Exercise brief:
Taking only the lines of the data below from the line with "человек в сутки" to the line with "Gemeinschaftlich gibt es", ends included, write them out exactly and without pictures.

*** Opening Raw data ***

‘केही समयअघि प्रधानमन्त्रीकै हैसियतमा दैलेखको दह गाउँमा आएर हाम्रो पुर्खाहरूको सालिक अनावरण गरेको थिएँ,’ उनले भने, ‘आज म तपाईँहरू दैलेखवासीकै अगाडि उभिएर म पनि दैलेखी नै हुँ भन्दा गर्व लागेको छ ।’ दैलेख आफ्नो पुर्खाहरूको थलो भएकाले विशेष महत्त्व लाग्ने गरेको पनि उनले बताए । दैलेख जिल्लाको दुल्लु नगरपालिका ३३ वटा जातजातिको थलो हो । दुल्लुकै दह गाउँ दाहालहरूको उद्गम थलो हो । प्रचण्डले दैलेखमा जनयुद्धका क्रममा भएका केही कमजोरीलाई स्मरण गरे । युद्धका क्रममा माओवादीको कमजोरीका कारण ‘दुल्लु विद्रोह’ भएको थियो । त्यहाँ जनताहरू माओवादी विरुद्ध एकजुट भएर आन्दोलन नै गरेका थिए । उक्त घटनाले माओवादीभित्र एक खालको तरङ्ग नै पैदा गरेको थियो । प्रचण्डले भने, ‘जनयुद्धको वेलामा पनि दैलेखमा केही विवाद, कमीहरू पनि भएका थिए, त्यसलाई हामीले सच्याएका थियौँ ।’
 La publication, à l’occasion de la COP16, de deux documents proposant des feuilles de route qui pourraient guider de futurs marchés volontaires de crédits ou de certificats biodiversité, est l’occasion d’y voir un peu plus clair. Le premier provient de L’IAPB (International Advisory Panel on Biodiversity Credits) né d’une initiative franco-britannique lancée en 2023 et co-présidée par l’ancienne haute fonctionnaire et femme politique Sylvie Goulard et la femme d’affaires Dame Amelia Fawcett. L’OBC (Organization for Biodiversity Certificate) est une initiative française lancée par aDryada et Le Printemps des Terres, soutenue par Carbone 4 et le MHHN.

*** Closing Raw data ***
*** Opening Raw data ***

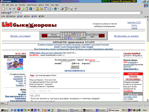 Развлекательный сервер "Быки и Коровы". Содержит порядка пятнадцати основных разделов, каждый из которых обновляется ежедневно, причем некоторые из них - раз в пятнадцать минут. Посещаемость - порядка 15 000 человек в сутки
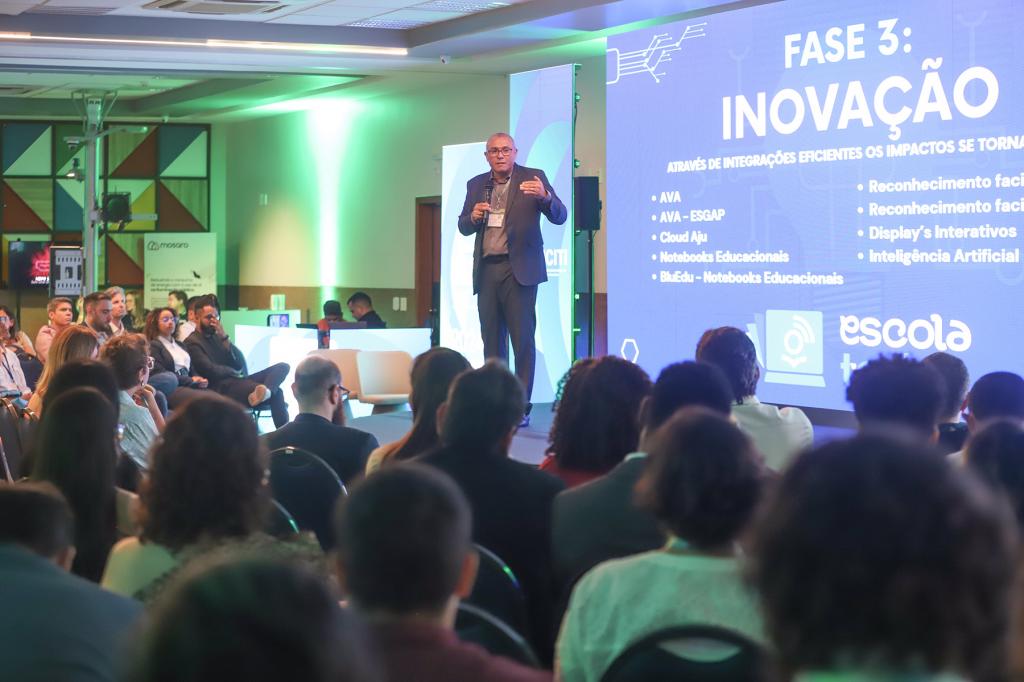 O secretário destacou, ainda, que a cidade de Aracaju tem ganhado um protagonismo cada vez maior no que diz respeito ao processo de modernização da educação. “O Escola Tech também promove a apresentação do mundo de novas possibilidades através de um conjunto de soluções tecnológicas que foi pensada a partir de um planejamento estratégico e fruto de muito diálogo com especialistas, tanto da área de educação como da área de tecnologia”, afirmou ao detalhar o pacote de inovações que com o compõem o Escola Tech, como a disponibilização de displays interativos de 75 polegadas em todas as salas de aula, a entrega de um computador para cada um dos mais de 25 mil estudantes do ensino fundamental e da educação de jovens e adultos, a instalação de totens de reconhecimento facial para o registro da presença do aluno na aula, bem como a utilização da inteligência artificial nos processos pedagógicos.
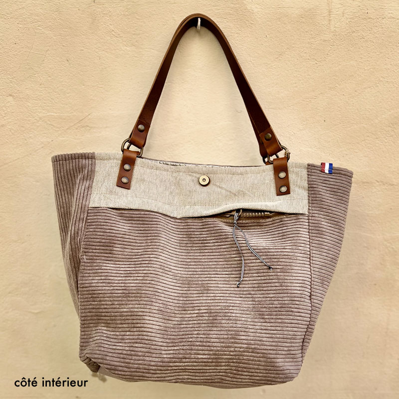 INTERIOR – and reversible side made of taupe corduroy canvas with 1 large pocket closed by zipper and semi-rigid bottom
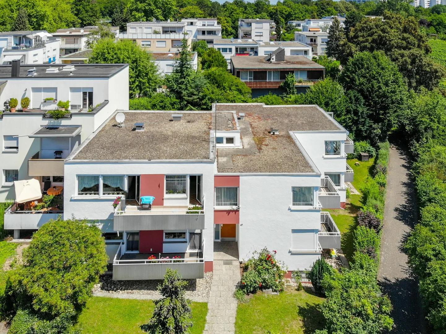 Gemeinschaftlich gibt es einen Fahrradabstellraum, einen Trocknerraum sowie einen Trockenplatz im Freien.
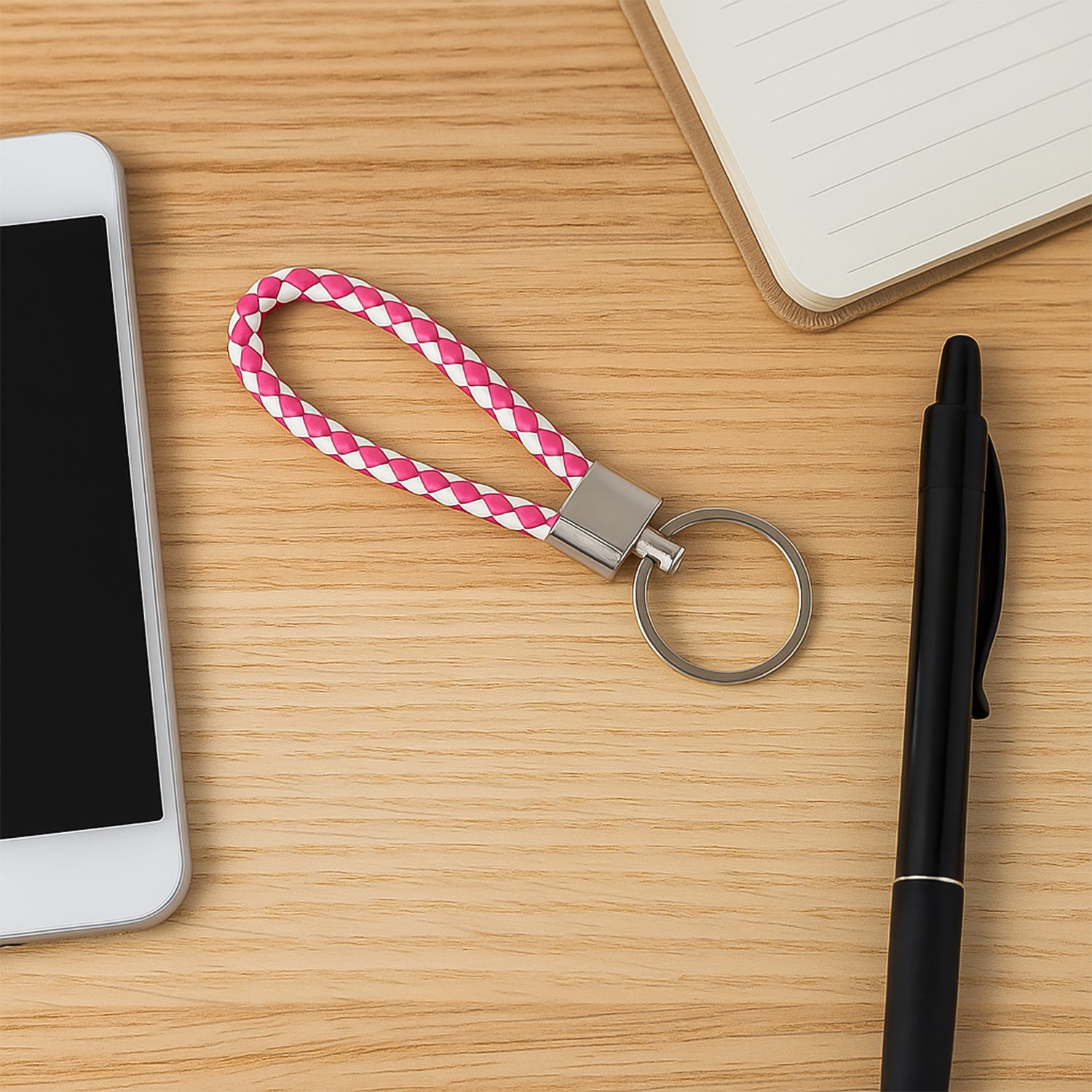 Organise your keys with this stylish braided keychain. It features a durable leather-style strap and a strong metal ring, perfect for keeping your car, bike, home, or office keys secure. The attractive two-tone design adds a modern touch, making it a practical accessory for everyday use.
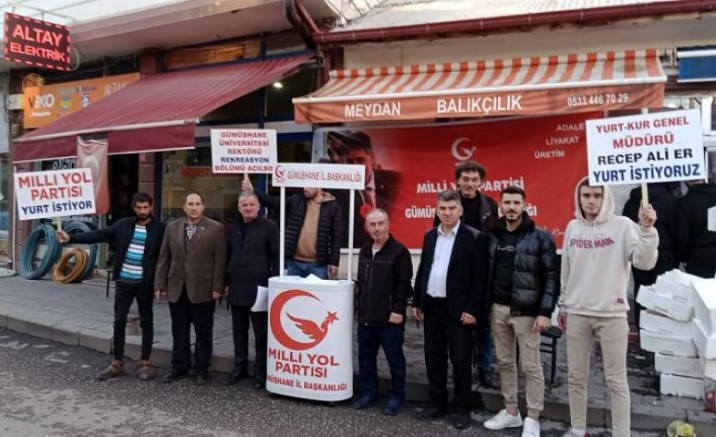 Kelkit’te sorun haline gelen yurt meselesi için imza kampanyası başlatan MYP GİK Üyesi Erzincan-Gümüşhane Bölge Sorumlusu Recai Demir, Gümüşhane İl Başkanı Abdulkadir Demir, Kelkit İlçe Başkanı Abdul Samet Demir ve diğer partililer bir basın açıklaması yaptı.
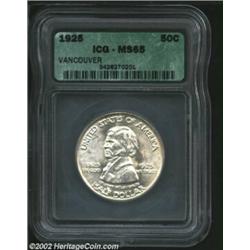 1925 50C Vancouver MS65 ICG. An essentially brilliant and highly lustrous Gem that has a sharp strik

*** Closing Raw data ***

Task solution:
 Развлекательный сервер "Быки и Коровы". Содержит порядка пятнадцати основных разделов, каждый из которых обновляется ежедневно, причем некоторые из них - раз в пятнадцать минут. Посещаемость - порядка 15 000 человек в сутки
 O secretário destacou, ainda, que a cidade de Aracaju tem ganhado um protagonismo cada vez maior no que diz respeito ao processo de modernização da educação. “O Escola Tech também promove a apresentação do mundo de novas possibilidades através de um conjunto de soluções tecnológicas que foi pensada a partir de um planejamento estratégico e fruto de muito diálogo com especialistas, tanto da área de educação como da área de tecnologia”, afirmou ao detalhar o pacote de inovações que com o compõem o Escola Tech, como a disponibilização de displays interativos de 75 polegadas em todas as salas de aula, a entrega de um computador para cada um dos mais de 25 mil estudantes do ensino fundamental e da educação de jovens e adultos, a instalação de totens de reconhecimento facial para o registro da presença do aluno na aula, bem como a utilização da inteligência artificial nos processos pedagógicos.
 INTERIOR – and reversible side made of taupe corduroy canvas with 1 large pocket closed by zipper and semi-rigid bottom
 Gemeinschaftlich gibt es einen Fahrradabstellraum, einen Trocknerraum sowie einen Trockenplatz im Freien.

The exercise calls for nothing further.